Theory on Bending in Cantilever Beams With Adsorbed Islands

[+] Author and Article Information
Chuangchuang Duan

LNM,
Institute of Mechanics,
Chinese Academy of Sciences,
Beijing 100190, China;
School of Engineering Sciences,
University of Chinese Academy of Sciences,
Beijing 100049, China
e-mail: duanchuangchuang@imech.ac.cn

Yujie Wei

LNM,
Institute of Mechanics,
Chinese Academy of Sciences,
Beijing 100190, China;
School of Engineering Sciences,
University of Chinese Academy of Sciences,
Beijing 100049, China
e-mail: yujie_wei@lnm.imech.ac.cn

1Corresponding author.

Contributed by the Applied Mechanics Division of ASME for publication in the JOURNAL OF APPLIED MECHANICS. Manuscript received April 14, 2017; final manuscript received May 20, 2017; published online May 31, 2017. Assoc. Editor: Kyung-Suk Kim.

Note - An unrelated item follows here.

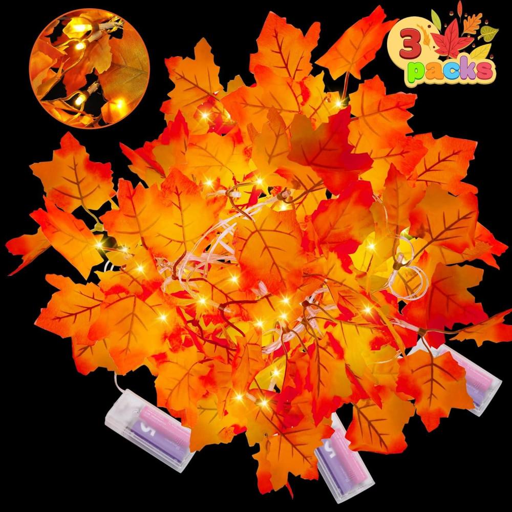 Joiedomi 3 Pack 8.2FT Thanksgiving Lights Fall Maple Leaves String Lights with 20 LED Warm White Lights for Autumn Garland, HomeThanksgiving Indoor Outdoor Decor

J. Appl. Mech 84(7), 071006 (May 31, 2017) (7 pages) Paper No: JAM-17-1203; doi: 10.1115/1.4036819 History: Received April 14, 2017; Revised May 20, 2017

Traction between adsorbed islands and the substrate is commonly seen in both living and material systems: deposited material gathers into islands at the early stage of polycrystalline film deposition and generates stress due to lattice mismatch, cells exert cellular traction to extracellular matrix to probe their surrounding microenvironment in vivo, and so on. The traction between these islands and the substrate can result in perceivable macroscopic deformation in the substrate and may be measurable if the substrate is a cantilever beam. However, currently broadly used Stoney equation is incapable of handling such boundary condition. In this paper, we give the closed-form expression on the resulted curvature in substrate beams by distributed tractions. Such a relationship could be employed to monitor the stress evolution during thin film deposition, to quantify the stress level of cell traction as cells adhere to cantilever beams, and other related mechanical systems like charging–discharging induced stress in island-patterned electrode films. Moreover, we found that follower traction induced by an array of islands could lead to negative curvature. It shields light on the early stage compressive stress during polycrystalline film deposition.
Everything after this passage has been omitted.